March 2, 2026
Why 90% of Carriers Leave Detention Money on the Table (And How to Fix It)
Here's an uncomfortable truth: the entire freight system is designed so that you — the driver sitting at the dock — absorb the cost of everyone else's inefficiency.
Brokers know that most carriers won't file detention claims. It's a hassle. The paperwork is annoying. And by the time you're back on the road, you've moved on mentally. That's exactly what they're counting on.
The Real Numbers
Let's do some math. Say you average 3 hours of detention per week that you could bill but don't. At $50/hour, that's:
- $150/week left on the table
- $600/month you're not collecting
- $7,200/year you're essentially donating to brokers
And that's conservative. Some owner-operators lose twice that.
Why Most Carriers Don't File
1. "It's Too Much Hassle"
This is the big one. You're tired. You've been sitting at a dock for 4 hours. The last thing you want to do is dig through your photos, calculate times, write up a claim, and argue with a broker's back office.
2. No Documentation
"I know I was there at 8am" doesn't hold up when the broker says "our records show 9:30." Without timestamped photos, GPS data, or signed check-in sheets, it's your word against theirs.

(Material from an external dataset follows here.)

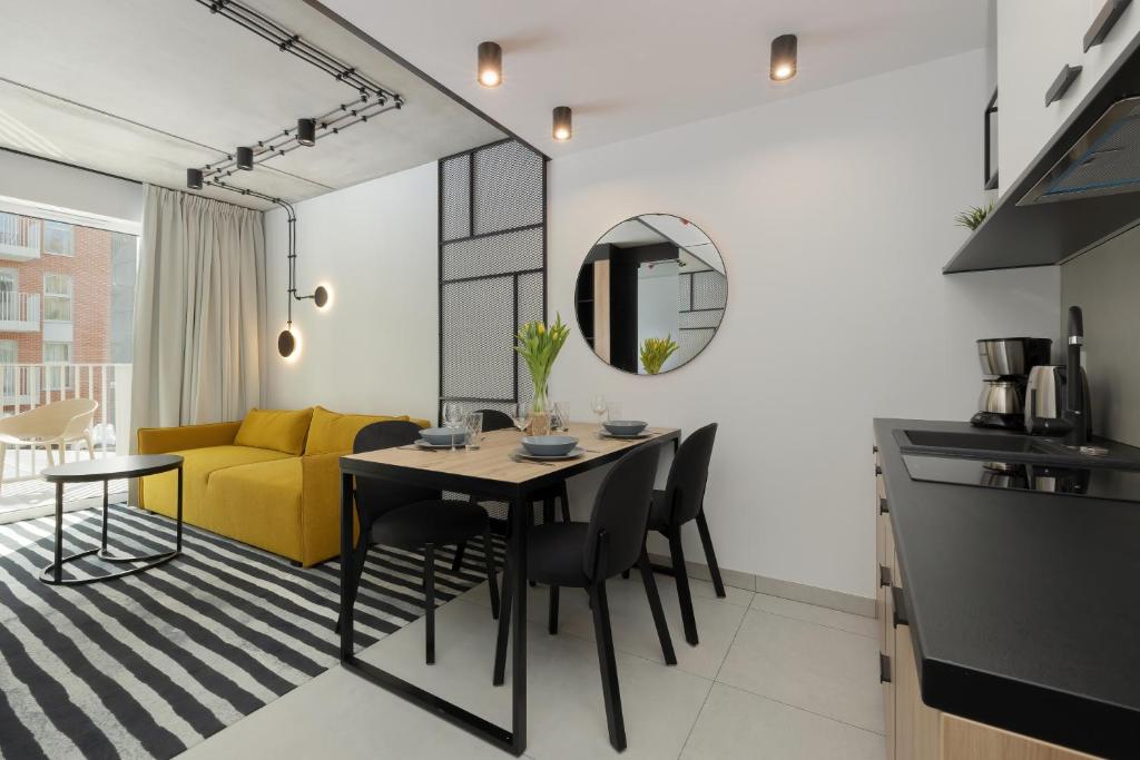 Apartament z 1 sypialnią. This apartment comprises 1 living room, 1 separate bedroom and 1 bathroom with a walk-in shower and a hairdryer. Guests can make meals in the kitchenette that comes with a stovetop, a refrigerator, a dishwasher and kitchenware. A seating area with a flat-screen TV, a tea and coffee maker and a balcony are provided in this apartment. The unit offers 2 beds. Powierzchnia pokoju ok.: 29 mkw. ;

3. Small Claims Feel Pointless
Is it worth fighting for $75? Probably not on its own. But multiply that by 50 loads a year and suddenly you're leaving $3,750 behind.
4. Fear of Burning Bridges
Some carriers worry that filing claims will get them blacklisted. Here's the reality: professional brokers respect carriers who document properly. It's the sketchy ones who get mad when you hold them accountable.
How to Fix It
Document in Real-Time
The key is capturing everything while it's happening, not hours later when you're trying to remember. Take a photo when you arrive. Take another when you're loaded. Your phone timestamps everything automatically.
Know Your Rate Confirmation
Detention clauses vary wildly. Some say 2 hours free time, some say 4. Some pay $50/hr, others $75. Read it before you accept the load. No detention clause? Negotiate one or factor the risk into your rate.
File Every Time
Even the small ones. Brokers track which carriers actually file. They learn who they can push around and who they can't. Be in the second group.
Create Paper Trails
Emails beat phone calls. "Per our conversation, confirming I arrived at 08:00 and was not loaded until 12:15. Requesting detention per rate con." Now it's documented.
Make It Automatic
Detention Defender tracks your wait time with GPS proof and generates invoices in one tap. No more manual documentation. No more lost money.
Start Tracking Free →The Bottom Line
The freight industry only changes when we make it expensive to keep doing things the old way. Every detention claim you file is a signal that carriers won't absorb inefficiency for free anymore.
Is it a hassle? Yes. Is it worth it? Also yes. The question is whether you want to keep subsidizing everyone else's poor planning with your unpaid time.